As I mentioned recently, I’m working my way through James E. Morrison’s book “The Astrolabe”: seeing so many astrolabes at the Museum of the History of Science in Oxford was good fun, but I still want to get all the maths and celestial mechanics straight in my head – I’m never really happy until I get Art and Science in some kind of balance. Curiously, I worked for a camera company (/*you know who you are*/) not so long ago where stereographic projection (as used in astrolabes) is central to its business: isn’t it strange by how little maths has changed over the millennia?
But before the astrolabe, there was a set of objects known as anaphoric clocks (as mentioned by Vitruvius, De Architectura, Book IX, Chap. 8, 8-15): the Tower of the Winds in Athens is generally believed to have had one of these. These are deceptively simple objects, comprising a wire framework top layer (known as a “spider”) to represent the hours of the day, and a backlayer containing both a stereographic projection of the night sky and a circle of peg holes marking the sun’s position as it moves through the zodiacal year. (All basically as per Morrison, “The Astrolabe”, pp. 33-34).

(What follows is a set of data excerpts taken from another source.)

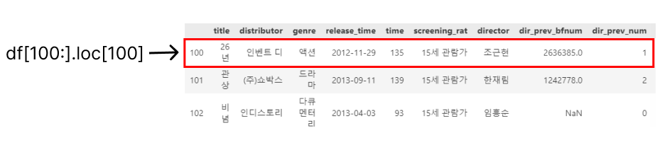- df[100:].loc[100]은
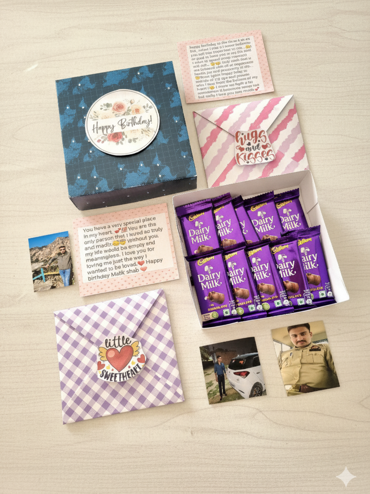 Delight in the little joys with our Tiny Treats Hamper! A carefully curated gift featuring select photos, heartfelt messages, and a generous assortment of chocolates. Perfect for small celebrations, thoughtful gestures, or simply to bring a smile to someone special.
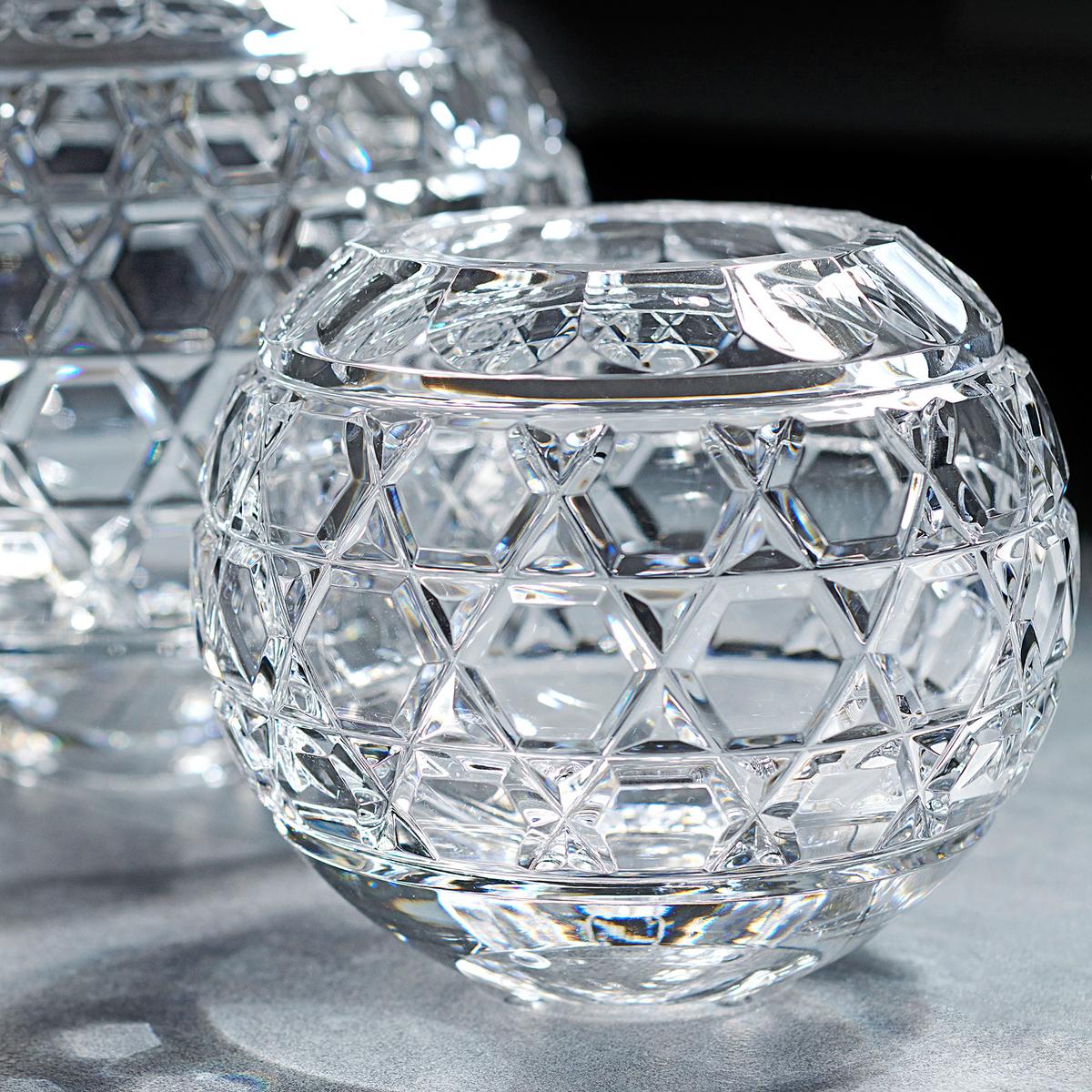 Saint-Louis has been producing chandeliers for customers all over the world since the mid-19th century. Classic designs have been constantly reinvented, and with "Royal", Saint-Louis is venturing a completely new interpretation of these lustrous objects. Luxury crystal glass manufacturer Saint-Louis has used candle drip catchers to create vases, bowls, votives, bonbon dishes and centrepieces. The mouth-blown, hand-cut crystal glass of the "Royal" vases exudes exclusivity.
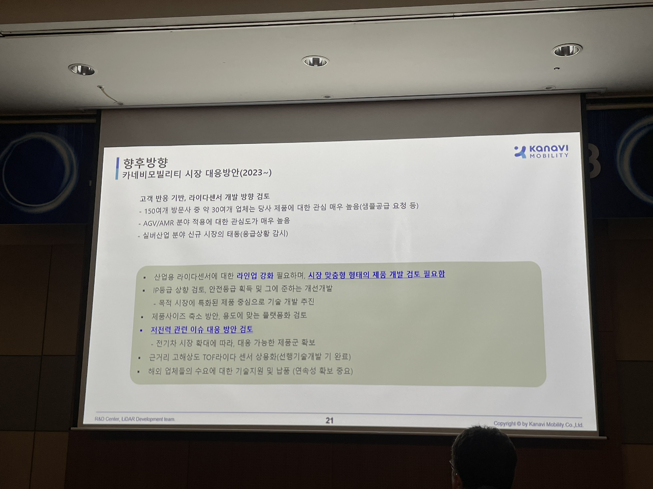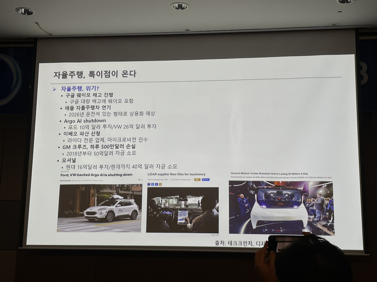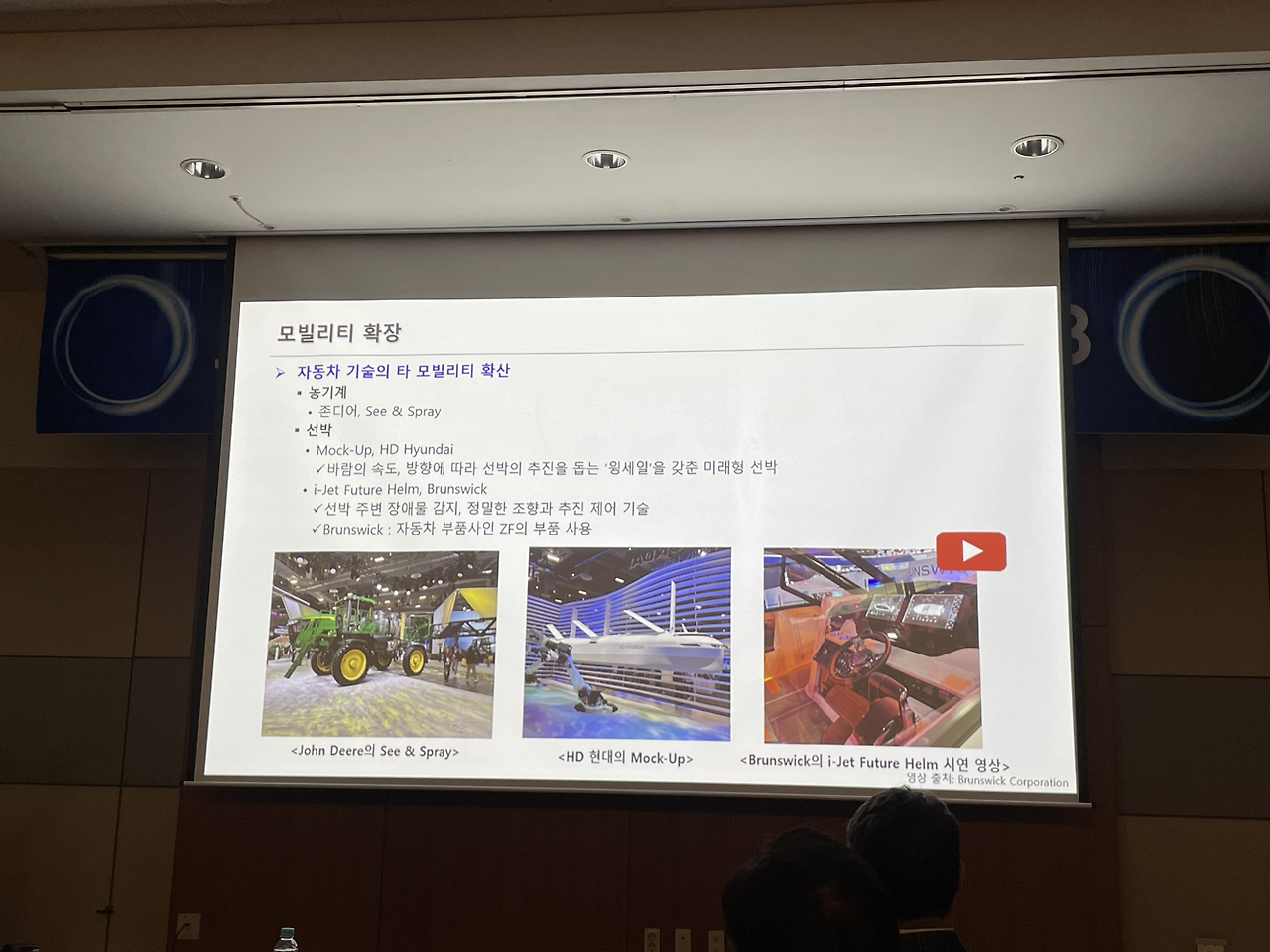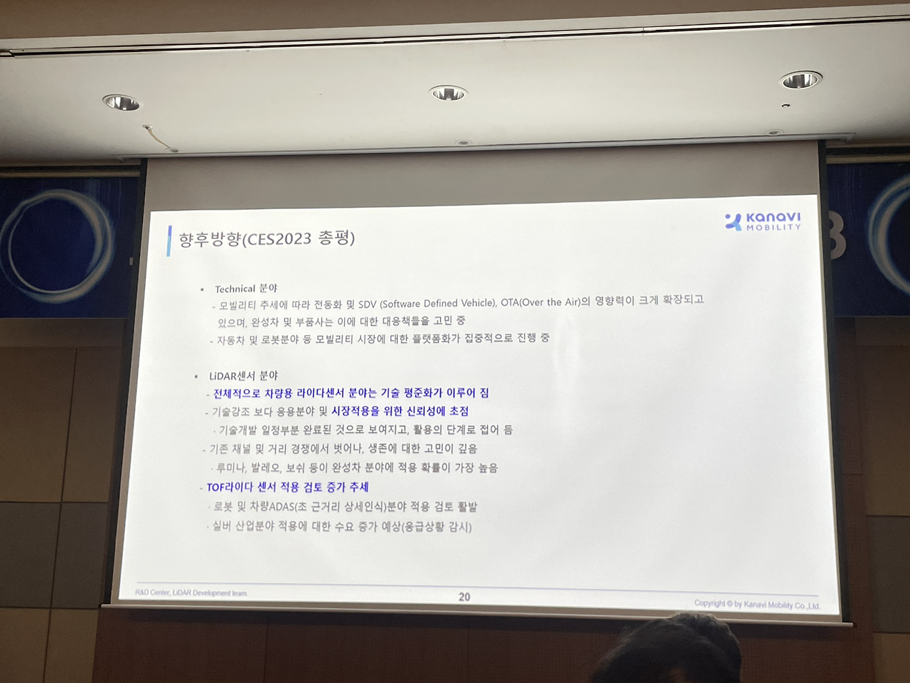 첫 발표는 카네비컴 정종택 회장이었습니다. 국내에는 블랙박스나 내비게이션 모듈 회사로 알려져 있고 저도 그렇게 알고 있었습니다. 근데 라이다, 특히 해양에서 쓰이는 제품군을 포함해 소프트웨어까지 굉장히 다양한 영역에서 활동하시더군요. 관련된 영역에서 회사가 오래 되고 경험이 많아 고생하는 발표자 회사등에게 대한민국이 감사해야 한다는 말씀을 하시더군요. 매우 인상 깊은 발표였습니다. V2X가 상용화되면 하이패스 단말기처럼 많은 차가 달게 되고 도로가 더 안전해질 것이라는 희망도 잘 들었고요.

And now Kansas City is host to a brand new (and really quite funky) anaphoric clock, thanks to local artist Laura DeAngelis (with help from Peregrine Honig), as well as the advice and calculations of Jim “Mr Astrolabe” Morrison himself. If you happen to be in Kansas City unexpectedly (for example, if you click your heels, Dorothy), why not have a look for yourself? The anaphoric clock is in the Oppenstein Brothers Memorial Park, and I think it’s just fabulous (but I would, wouldn’t I?)
Hello! I recently went to see the Star Disk in Kansas City and put together a FB album about it. It was quiet impressive and there’s more to it than the astronomical part.
Strictly speaking, it’s not an anaphoric clock, since you have to set the time and date on it by hand yourself. You can buy planispheres that are the same thing for very little money.